Но не спрашивать же полузнакомого человека, который к тому же чуть не втрое тебя старше, какие именно чувства он к тебе испытывает!
– Вам пора идти? – спросила Алиса.
– Почему вы решили?
– Потому что вы украдкой посмотрели на часы, – улыбнулась она. – И я подумала, вы стесняетесь мне сказать, что спешите. Русские вообще никогда не говорят о простых вещах прямо – почему-то боятся обидеть прямотой. По правде говоря, это раздражает.
– Да вы ведь и сами в большой мере русская, – пожал плечами Полиевкт. – В гораздо большей мере, чем вы думаете. Но я действительно спешу, вы правы.

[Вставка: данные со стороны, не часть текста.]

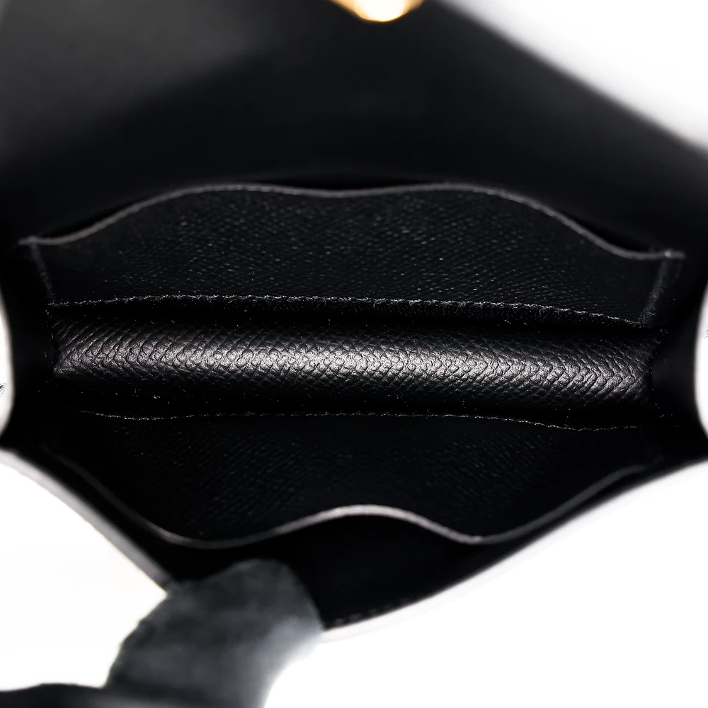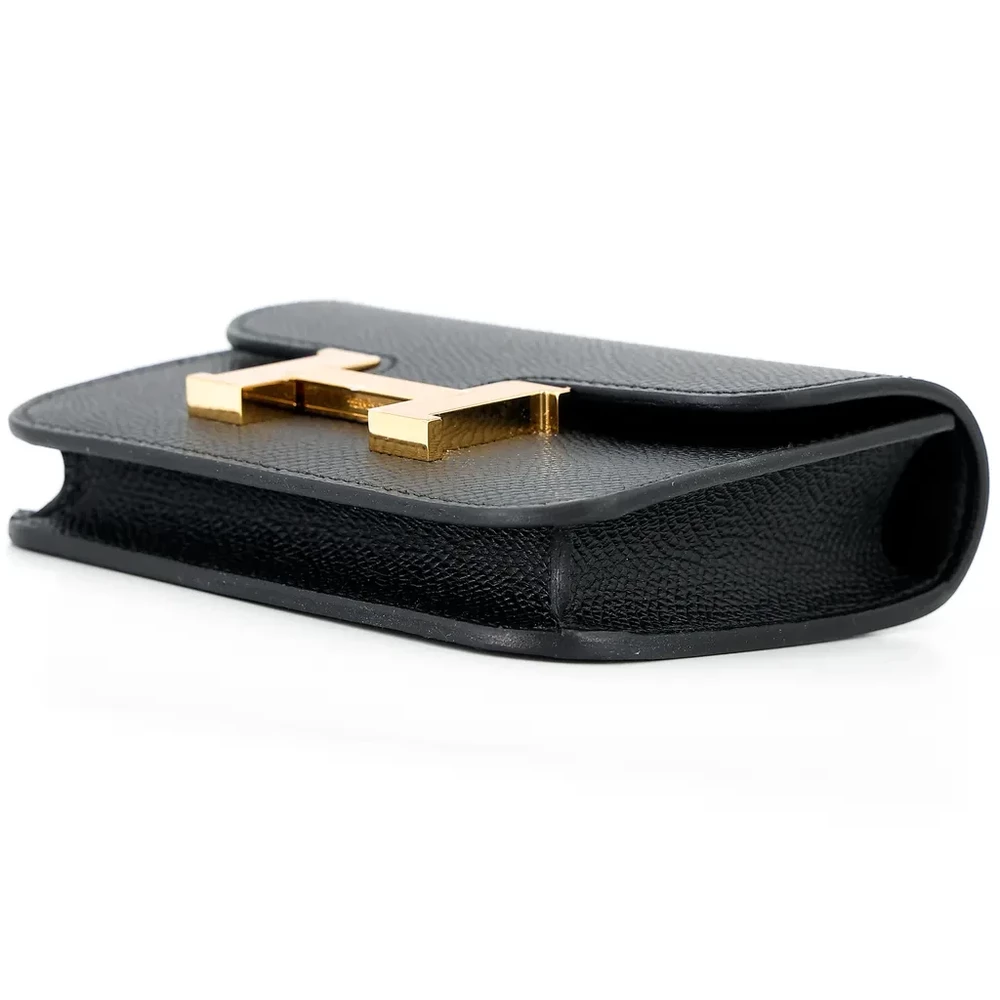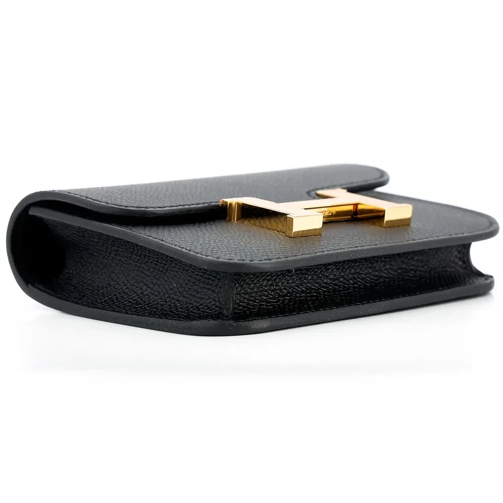 This Hermès Constance Slim Wallet is a refined and elegant piece, crafted from durable Epsom leather in classic Black (89). The sleek black exterior is enhanced by luxurious gold hardware, creating a timeless and sophisticated aesthetic. Designed with Hermès’ renowned craftsmanship, this wallet offers a slim yet functional structure, perfect for organizing essentials with style. Measuring approximately 13cm in width, 10cm in height, and 2cm in depth, it is a compact yet practical accessory. Accompanied by a dustbag, this exquisite wallet is available in Hong Kong, making it an excellent choice for collectors and luxury enthusiasts alike.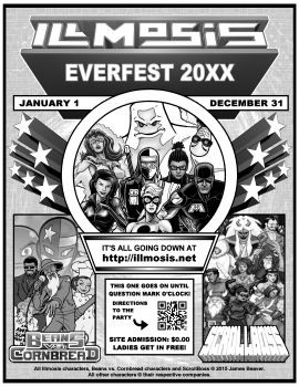 This isn't just a rush job, probably the last general Illmosis site flyer I'll make for a while. Except for last year, I always have copies left over, so I'm getting around that by making this 20XX flyer. It's basically the 2014 flyer with a few minor changes, but the ScrollBoss section has a lot of recent sprites, including a mysterious new character in the front. She'll debut in the ScrollBoss 15th anniversary update on July 19th.

У меня сегодня вечером заседание Английского клуба.
– Это тот, который описан в «Войне и мире»? – удивилась Алиса. – Я думала, после революции он закрылся.
– Не совсем тот, но с претензией на преемственность, – усмехнулся Полиевкт. – Для избранных.
Алисе было непонятно, зачем тратить время на то, в чем сам же видишь одну только претензию. Но обсуждать это с Полиевктом она, конечно, не стала.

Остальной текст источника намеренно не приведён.